Pygo's do just fine solo.
And they definitely seem to develop a more interesting personality going solo and tend to interact more with the owner than a group will.


----------



## sleepybuddah (Nov 6, 2010)

They seem have bigger appetites than serras also.


----------



## Piranha-Freak101 (Dec 8, 2010)

If i were ever to get rid of my reds im keeping 1 lol


----------



## Inflade (Mar 24, 2006)

Caribe, terns and piraya are the only aggressive solo pygos i have seen. never seen an aggressive solo RBP./


----------



## Dawgz (Aug 18, 2005)

sleepybuddah said:


> I seen 2 videos of finger chasing pygos before, but they were both kept by themselves. Does keeping them solo make them interact more with humans? I know they are less skittish when kept in groups or whatever but I havent seen one in a shoal do that. So what do you guys think? Heres one of the videos.


LOL thats my video!


----------



## jp80911 (Apr 3, 2008)

Vik took that vid at shark aquarium







I have one from there too, a different ternetzi


----------



## Dawgz (Aug 18, 2005)

Here are two vids of my Solo Caribe.





  <-------------- Pygo vs Spoon





 <------------- getting fed pellets.

^ lol @ his little dance at 00:50 searching for the pellet.


----------



## Moondemon (Dec 9, 2006)

^^ Nice Caribe.

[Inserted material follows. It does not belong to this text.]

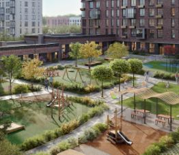 В закрытых дворах-парках предусмотрены игровые площадки, лужайки для пикников и йоги. Пространства для спокойного отдыха будут огорожены живыми изгородями.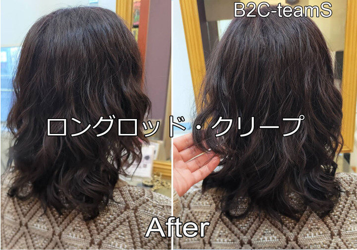 根元の健康部と毛先のダメージ部に違う薬剤で施術を施します。髪が乾いた後のウェーブを計算してかけますので、1回転ずつ仕上がりをイメージして巻き込み位置や角度を決めます。髪の弾力を損ねるアルカリ剤は一切使用しません。さらに長持ちを狙うためデジタル、またはクリープ技術をつかってカールをしっかり定着させます。毛先のカールと根元のウェーブを各々に設計して形づくりを行うため、仕上がりに対するお手入れはほとんど不要にすることを目標にしています。ミディアムやロングでも指に巻き付けて乾かす必要もありませんし、ショートは洗いざらしでも自然乾燥でも仕上がるように施術いたします。

He's got the coolest attitude I've ever seen in a pygo !!


----------



## Dawgz (Aug 18, 2005)

Thanks!


----------



## Dawgz (Aug 18, 2005)

no one else has solo pygos?


----------



## balluupnetme (Oct 23, 2006)

I had a solo 6-7" caribe, by far the best piranha I ever kept personalitywise and appearancewise


----------



## wizardslovak (Feb 17, 2007)

meaniest pygo i ever had was one i got from XXXX , i loved that fish , he was chasing finger and during night i heard him knocking on glass . Too bad i forgot name of guy i trade to , id love to buy him back








So far the one i got one is little sissy , but i as i removed all hiding i hope P will grow up un-shy


----------



## balluupnetme (Oct 23, 2006)

Mine was a crrrazy finger chaser and I hand fed it


----------



## BigBadBlackRhom (Sep 10, 2004)

Very awesome pygo. I am a sucker for size. I love my big rhom, shes personable and unique. However I miss the vibrant colors that pygos have. Im having a hard time deciding whether to start a pygo shoal and grow them out or investing the money and having a big one shipped to me and having a solo pygo...

decisions decisions.....


----------



## shoal king (Oct 27, 2006)

when i had my piraya shoal. they would all follow me wheather i am walking past or try and get them to follow me. 
IMO there is only one way to go with pygos and thats a shoal


----------